Benderly argued that the role of the school leaders and other educational professionals was to provide a quality product that balanced the communal imperative of Jewish survival with the needs and desires of the paying customers (i.e., the parents). The larger community would continue to act (through the Federations) as it had historically—by providing scholarship money to ensure that a Jewish education would not be denied to any child for financial reasons alone. To be sure, this schema encountered resistance from educators who wanted to make intensive supplementary education normative and communal leaders who believed that Jewish education was outside the purview of Federations and Jewish welfare organizations. But it became the norm in most communities. The consensus lasted two generations but was ultimately rendered obsolete or untenable in the second half of the 20th century by suburbanization, upward mobility, and the rise of day schools.

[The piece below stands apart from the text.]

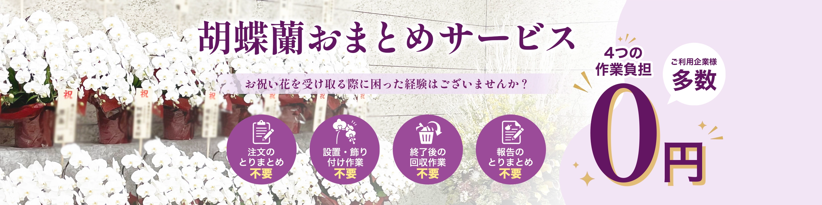 黒臼洋蘭園が運営するオンラインショップ「胡蝶蘭専門店らんや」では、3本立・5本立をはじめとした高品質な胡蝶蘭を全国へお届けしています。立て札・ラッピング・日時指定配送など、贈答に欠かせないサービスを標準対応し、法人向けにはおまとめ注文専用サービスも用意。初めての方でも安心してご利用いただけます。

As a supporter of day school education, I would like to see more families avail themselves of quality intensive Jewish education. Day schools are touted as a bulwark against assimilation. But I believe that they are intrinsically valuable as a source of Jewish empowerment, providing students with access to and fluency in Jewish texts, history, and tradition. Such competence and sense of ownership is all the more important in an era when the Chosen People has become a choosing people. (That is to say, when Judaism has become a choice.) Day school education can help to ensure that the mantra of “informed choice” that animates liberal Judaism is more than an empty phrase.
Economic and cultural considerations compel us to eschew the language of obligation with regard to day schools in an American context. However, they do not preclude us from providing a greater variety of high-quality day school options serving the widest possible range of learners in large Jewish residential centers, and a strong and sustainable network of community day schools in midsized Jewish communities. Nor do they absolve the Jewish community from maintaining the tradition of providing financial aid to those in need. Ultimately, we must accept the reality that day schools will continue to be one of a variety of Jewish educational options in the United States. We should work to strengthen day schools and yeshivot, and reverse the trend of stagnant or declining enrollment in non-Orthodox day schools. Simultaneously, we should view the advent of Hebrew-language charter schools and efforts to revitalize and re-imagine supplementary school education as contributing to a healthy, variegated, and economically sustainable Jewish educational ecosystem. As our sages teach us, Shivim panim latorah, the Torah has 70 faces or points of entry. Our job is to keep all of those doors wide open and the atmosphere inside welcoming, stimulating, and generative.